L’iniziativa culturale propone una riflessione su quanto stia cambiando e sia mutato il nostro paesaggio rurale anche e proprio in virtù dei nuovi ospiti che si occupano dei lavori sulle terre e nelle stalle delle nostre campagne. Ci si interroga su quanto questa trasformazione del tessuto sociale possa restituirci il sogno di un rinnovato rapporto uomo-terra.
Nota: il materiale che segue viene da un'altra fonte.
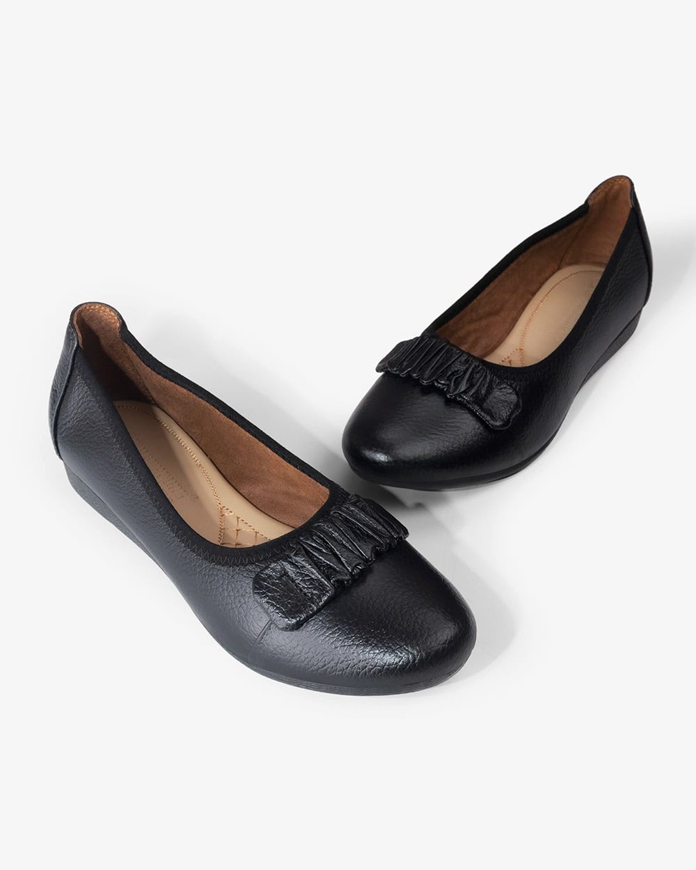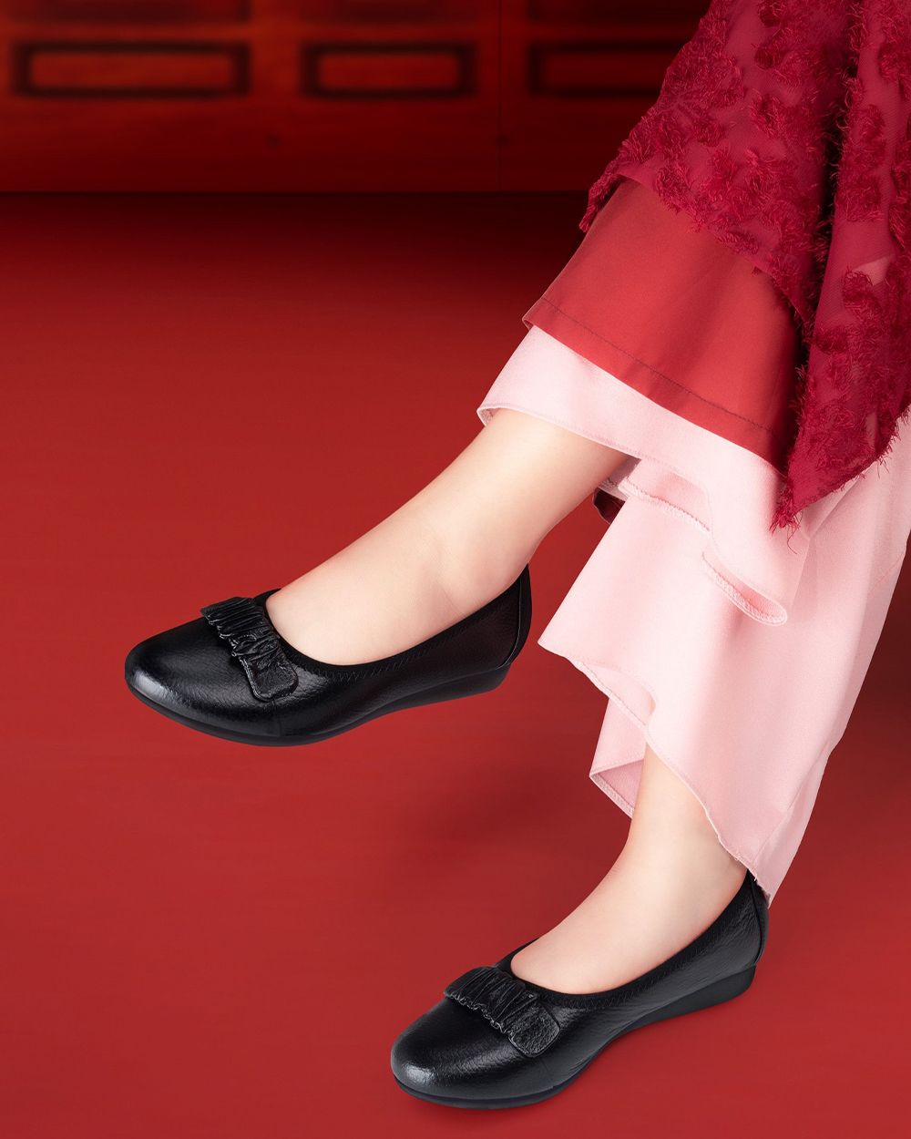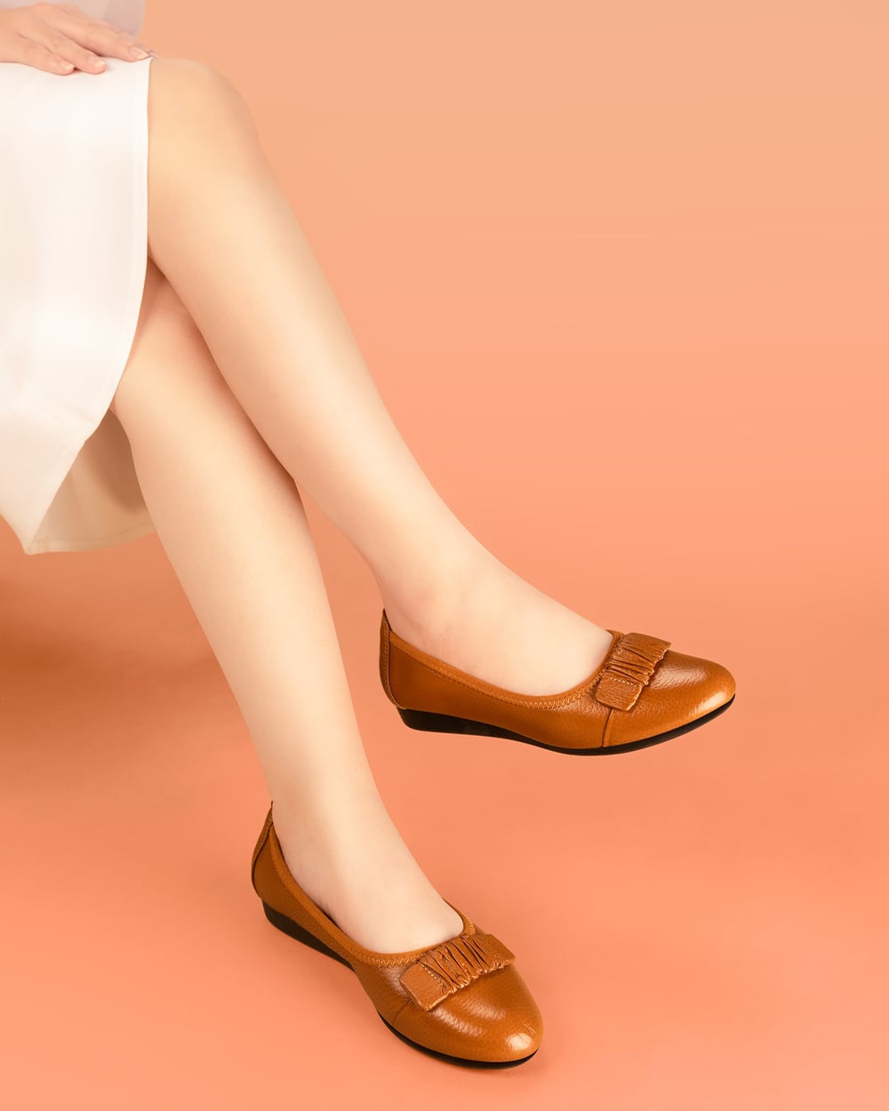 Phần mũi tròn tạo không gian rộng giúp cô nàng có đôi chân đầy kém thon không bị gò bó, thoải mái khi di chuyển, được thiết kế đơn giản với phần mũi trơn gắn thêm nơ hay vài phụ kiện sẽ làm nổi bật hơn những bộ trang phục khi diện cùng.
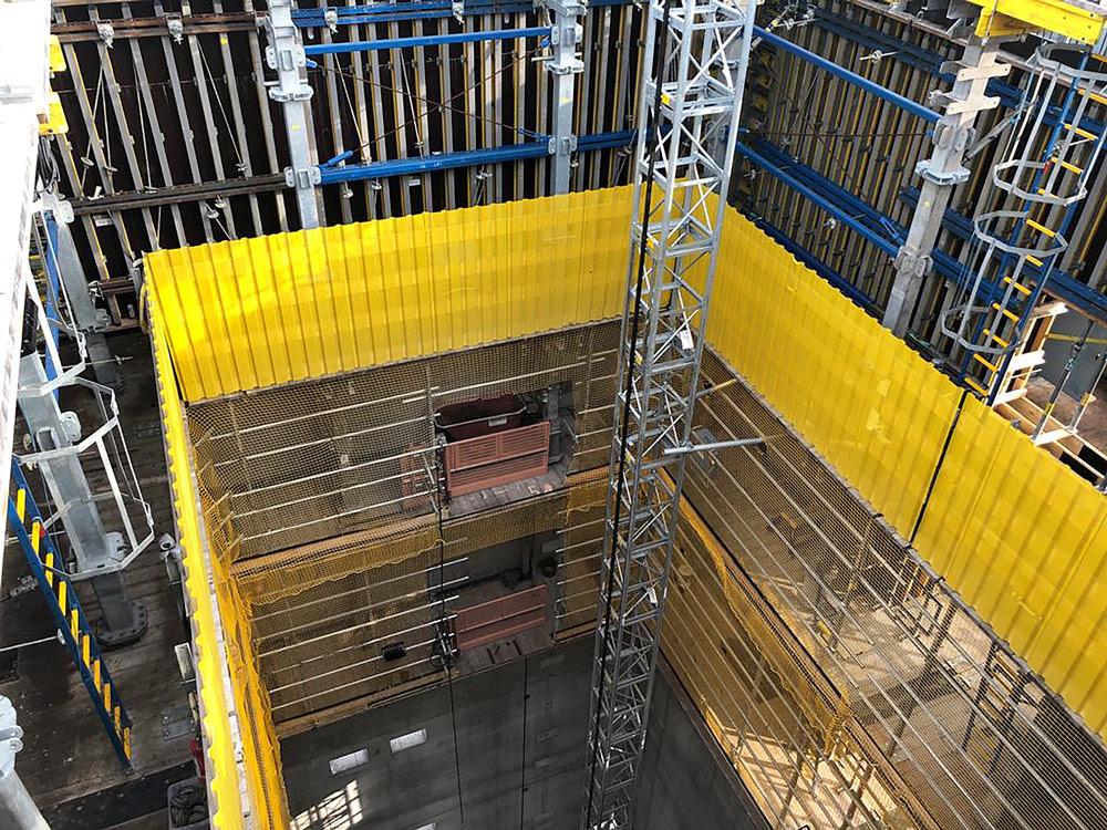 Hinsichtlich Sicherheit wurden unter anderem speziell angefertigte Treppen als Gehwege zwischen den verschiedenen Ebenen installiert. Außerdem wird gewährleistet, dass in der gesamten Bauphase ein sicherer Zugang vom Bauaufzug zum Doka-Klettersystem besteht.

“E` stato il giorno di Pasqua 2002. Jagjit e Puspha si vestono per portare gli auguri agli amici. Tirano fuori dall`armadio i vestiti più belli, quelli di seta, di colore, quelli dell` India. Morandi incontra i due nella casa della “maga Adele”. Capisce tutto. Il sogno dell`India portato come dote nella Bassa. E di più: I più umili, una volta i Paisàn, oggi gli immigrati, tessono la stoffa della quale sono fatti i sogni veri. Grazie a loro il sogno ritorna. Nei meandri della storia il patrimonio umano di una classe eliminata riemerge da altre origini e in forme del tutto nuove. Il grande racconto iniziato da Morandi nelle fotografie di cinquanta anni fa ha trovato una fine (ma la storia continua) imprevista e imprevedibile, intuita e profetizzata allora solo da un poeta:??”Scoppia un nuovo problema nel mondo. Si chiama colore.?Si chiama colore, la nuova estensione del mondo.”
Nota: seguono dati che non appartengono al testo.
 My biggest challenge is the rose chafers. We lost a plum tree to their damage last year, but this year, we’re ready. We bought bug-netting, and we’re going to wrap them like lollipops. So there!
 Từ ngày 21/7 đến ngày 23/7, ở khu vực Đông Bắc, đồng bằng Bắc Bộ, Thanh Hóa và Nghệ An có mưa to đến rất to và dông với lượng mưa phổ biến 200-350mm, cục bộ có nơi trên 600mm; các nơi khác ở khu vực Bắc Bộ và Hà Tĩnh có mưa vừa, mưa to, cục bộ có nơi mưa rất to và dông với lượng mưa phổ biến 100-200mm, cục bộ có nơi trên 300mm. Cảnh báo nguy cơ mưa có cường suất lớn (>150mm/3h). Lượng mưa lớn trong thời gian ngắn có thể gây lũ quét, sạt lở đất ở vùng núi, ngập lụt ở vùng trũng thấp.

Con il patrocinio e la collaborazione del Comune di Cremona
Contestualmente è stato pubblicato il nuovo catalogo fotografico dell’opera di Morandi, edito Mazzotta, dal titolo Vecchi e nuovi volti della bassa padana, con i contributi di Arturo Quintavalle, Ivan Della Mea, Peter Kammerer
Il libro di Giuseppe Morandi
di Giovanna Marini
Di solito non mi emoziono quando guardo i libri di fotografie, li apprezzo, mi fanno sognare se sono foto inventate, che raccontano storie, ma come quelle che racconta Morandi non ne ho trovate mai.
Questa sera sfogliavo il libro e sorridevo e capivo: una storia di affetti innanzi tutto, solo dei nomi e delle immagini con occhi che parlano, positure che parlano, acconciature, sorrisi, tutto parla , anche i bambini seri, o sorridenti o imbronciati parlano, tutti ti raccontano una storia.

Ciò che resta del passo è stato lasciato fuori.